Album Review – Cody Jinks – “In My Blood”


Cody Jinks doesn’t need to release yet another new album to secure his legacy. That’s been long cemented. In fact, he just released a new one last year in Change The Game, and a tribute to Lefty Frizzell to boot. But as Jinks sings about on the title track of this new one, he continues to write songs, record albums, and take his music on the road because it’s in his blood. He knows no different, and wouldn’t have it any other way. Good or bad, beloved or ignored, Cody Jinks was born to do this. He knows no different.

2024’s Change The Game in many ways marked the end of Cody Jinks 1.0, and the beginning of the second chapter of his career. Recently sober, and now with a more reflective attitude as an elder statesman with silver streaks in his signature beard, Change The Game was a time to use a clear mind to take stock. In My Blood is a continuation of this work—the second stanza in this new chapter capturing Cody Jinks touching on familiar themes, along with some unexplored ones.

His new song “The Others” is classic Cody Jinks, eulogizing all of the also-rans, oddballs, and ill fitting parts of society whose common thread is their uncommonality. As Jinks has proven throughout his career, there is a deeper camaraderie within this cohort than you will ever find with the conformity types. And when cobbled together, they comprise quite a large and mighty community.

Though Cody is rarely so vulnerable in his writing, he completely blindsides you with the sentimentality and heartbreaking story found in the song “When You Can’t Remember” about his father. Pondering his own mortality and the passing of time is a recurring theme of this album, from the opening verses of “Lonely Man,” to the sentimental moments of “When Time Didn’t Fly.” Jinks is only 44, but they’ve been 44 hard years as he reflects back, and tries to slow down the ever-increasing pace of Father Time.


A common refrain among Cody Jinks critics is that he hasn’t made a good album in his career since Adobe Sessions. It’s always an unfair comparison when you measure everything against an artist’s magnum opus, and in the case of Cody Jinks’ when that opus is Adobe Sessions. Every subsequent album from Cody has come with quality selections that chronicle a maturing artist and an evolving perspective on life. In My Blood is no different.

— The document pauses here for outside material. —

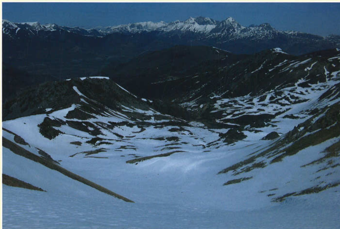
Cabecera del Valle de Riolago con la Foz de San Bartolo y al fondo, Las Ubiñas.

Nosotros hemos tenido la suerte de conocer a otro babiano de pro, Don

But there is a consistency that besets some of the tracks of In My Blood, like you’ve heard some of these songs before just in different iterations. As awesome as “The Others” is, it could be considered just another version of “Hippies and Cowboys.” Though the album’s opening notes come blaring from Austin Tripp’s steel guitar on “Better Than The Bottle,” In My Blood comes with level of musical sameness. It’s more Outlaw country than anything, but fails to express any sort of signature sound by exploring the studio space beyond Jinks recording with his road band.

Though you respect the tenacity and hustle Cody continues to exhibit, you’re fair to wonder if taking a moment to find more natural inspiration instead of relying so much on perspiration wouldn’t do him some good. But we often prescribe this for the artists who couldn’t stop even if they wanted. Like Charley Crockett and other hard working artists, it’s how they’re wired. It’s “in their blood.”

What’s also in the blood of Cody Jinks is a dogged persistence to do things his way, not cater music to the expectations of anyone but himself, and write the songs that he wants to write, that express the things that are weighing on his heart, whether that appeals to a wide audience, the leering press, or anyone else’s personal agenda. While other top level names in independent country continue to present you with polarizing twists and confounding turns, the consistency of Cody Jinks is incredibly comforting.